I will probably go for an easy swim tonight. Though I cleaned out the part of the basement dedicated to bikes last night, and did an assessment of what needs to be done to the family’s five bikes (My beauty road bike, my beater road bike, my beater mountain bike, Missy’s hybrid, and Jake’s tiny bike) prior to spring. Although the rains have washed much of the sand off the roads, and I may be sorely tempted to log a quick 15 or 20 miles on Saturday.

** The reason I nag is that I’ve had a couple of FOAF (Friends of a Friend) whose lives have been saved by donated blood. I understand that not everyone can give, too, and apologize in advance if for whatever reason you can’t.

Slipping?

Forgot to bring a drink for lunch today, so I stopped at the Circle K (or 7-11, or Stop ‘n’ Go). Picked up a Squishy. Did I break Lent? I vote no: the goal was to give up eating crap, and a Squishy is not food. Supporting the no vote is this morning’s unofficial weigh in somewhere south of two pounds lighter than Monday.

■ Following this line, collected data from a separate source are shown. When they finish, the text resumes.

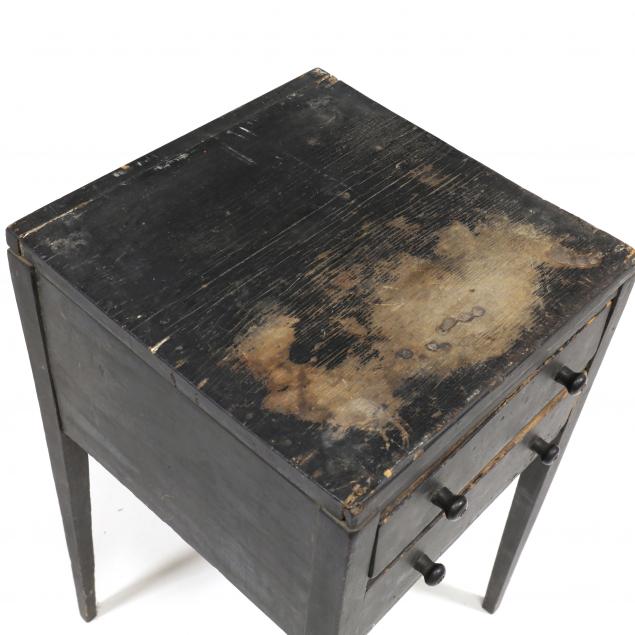 Western region, circa 1820-40, white pine and poplar with all over old (likely original) black paint, two graduated drawers (the lower with divided interior), square tapered legs.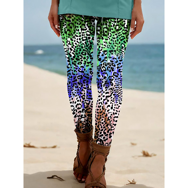 Women's Leggings Vacation Vintage Ethnic Style Ankle-Length High Waist Graphic Leopard Gradient 3D Print Breathability Soft Comfortable Stretchy Outdoor Vacation Home Forest Green Violet Multi Color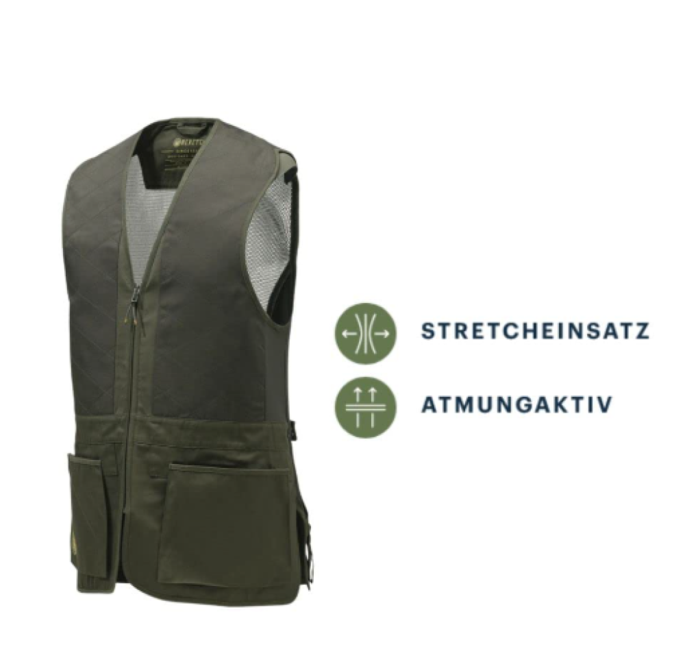 صديرية الرماية Beretta Tredi مصنوعة من قطن ثقيل بوزن 227 جرامًا، مع ظهر من شبكة ثلاثية الأبعاد وإدخالات مرنة على الجانبين لتوفير الراحة والملاءمة القابلة للتكيف.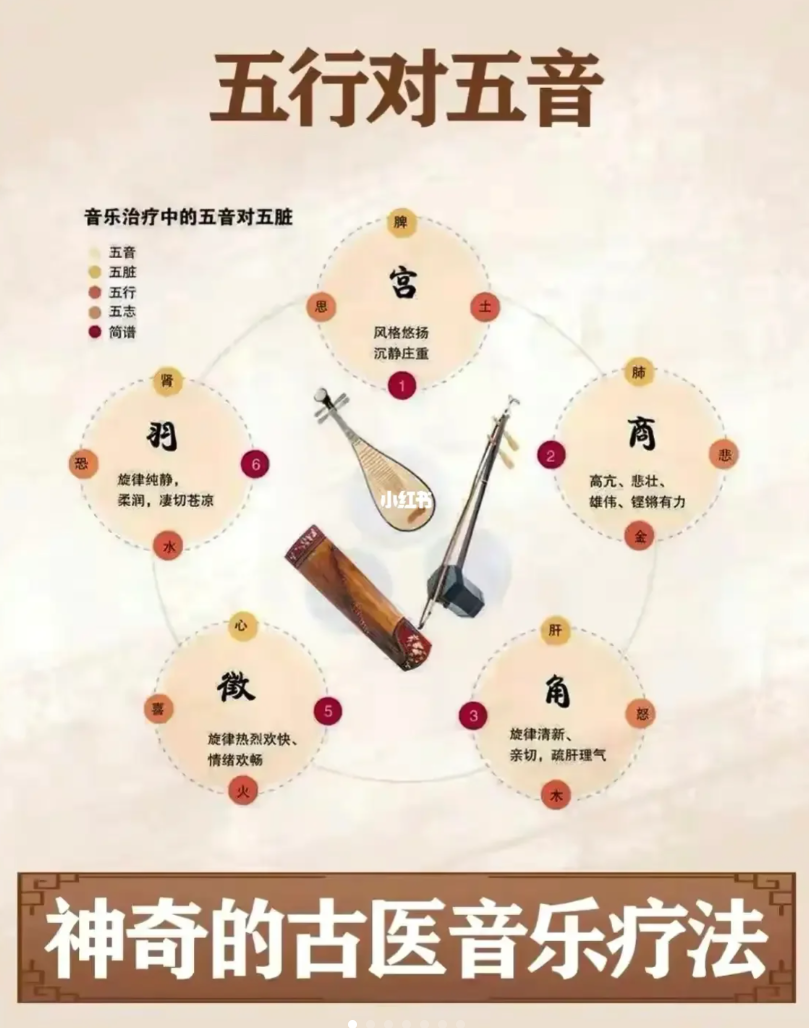 音乐疗法应用在心理治疗的效果显而易见,特别是在西医治疗中更多被运用于精神类疾病,如焦虑症、抑郁症以及常见的产后抑郁等疾病,因此,较多人的刻板印象停留在音乐疗法被运用于心理治疗。但实际上音乐疗法在中医中的应用已经拥有两千多年历史,与中医“五行学说”相互对应。《黄帝内经》提出“五音疗疾”的理论;《左传》中更说,以音入药,可祛百病。在古代,音乐不仅是一种艺术鉴赏,更多时候会被运用于杏林,商羽音养气调神,心清意净,气定神闲。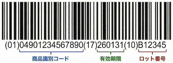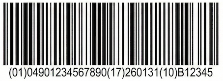 数字だけでなくアルファベットや記号も表現することができる1次元のバーコードです。 医薬品業界では、JANコードによる商品識別に加えて、ロット番号や有効期限も含める規格として採用されています。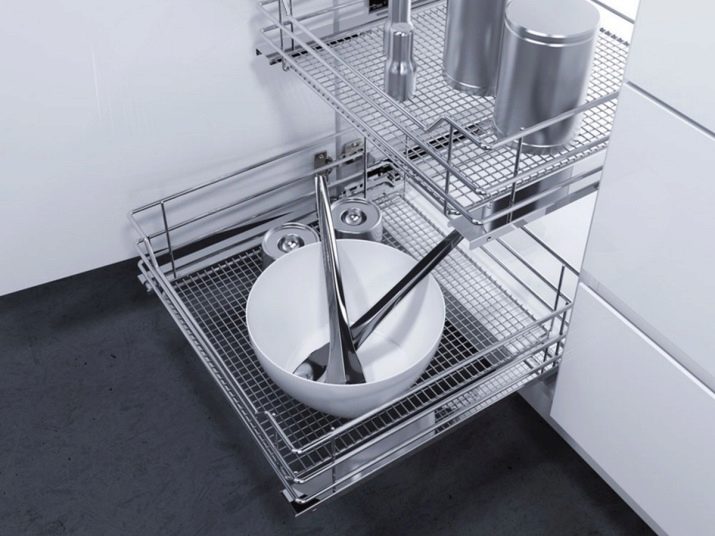 V dnešní době je v prodeji obrovský výběr nábytkového příslušenství, což vám umožní vybrat si pohodlné a praktické mechanismy pro zásuvky v kuchyni. Díky nástupu moderních zatahovacích systémů není přístup do nejodlehlejších koutů obtížný. Zejména pomáhá v tomto speciálním zařízení - karusel, který se děje s rotujícím (rotujícím) nebo posuvným mechanismem. Při jejich výběru byste měli věnovat velkou pozornost tloušťce kovu, kvalitě výrobku a výrobci.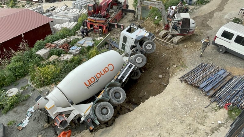 Kadınlar Denizi Mahallesi'ndeki bir inşaat alanına beton taşıyan ve sürücüsü öğrenilemeyen mikser, stabilize yolun çökmesi sonucu oluşan çukura düşerek yan yattı.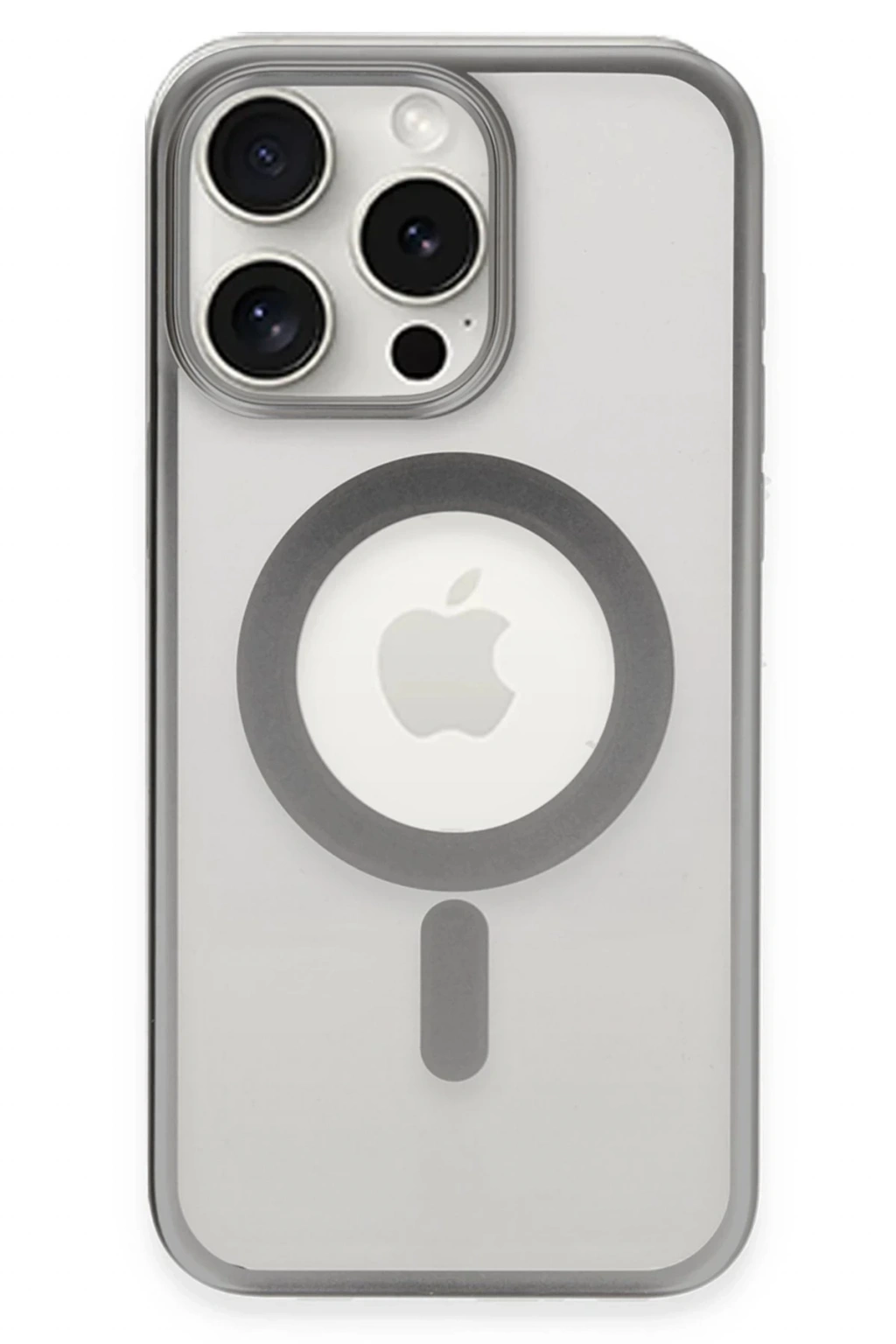 HarmonyAura Iphone 15 Pro Max Kılıf Erozi Magsafe Kapak - Gümüş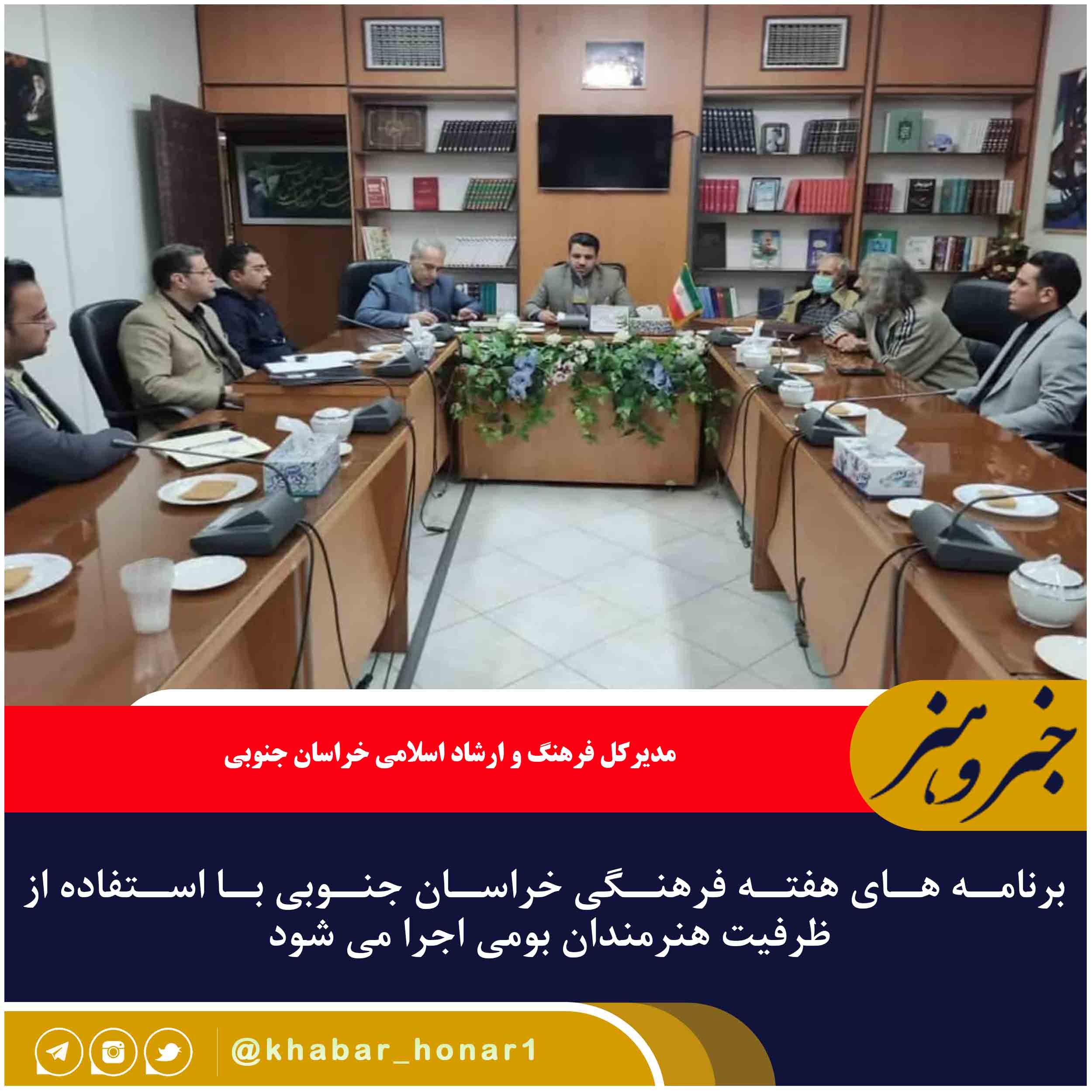 در آستانه هفته فرهنگی استان جلسه هماهنگی پیرامون برگزاری هفته فرهنگی استان با حضور جمعی از هنرمندان و به میزبانی اداره کل فرهنگ و ارشاد اسلامی خراسان جنوبی در سالن جلسات این اداره کل برگزار شد.

Quick run at lunch after two epics – Programmed the Forerunner for a 5K. Finished in 24 something, a 7:57 average pace. Yeah, baby, sub-8’s. I think I could have done a 7:45 if I’d pushed down to nothing, but it was windy, windy. The last mile was almost all into the wind, and was about an 8:20 pace.

Great run, although I’m kind of getting paranoid about having three strong runs in a row and still feeling gooooood.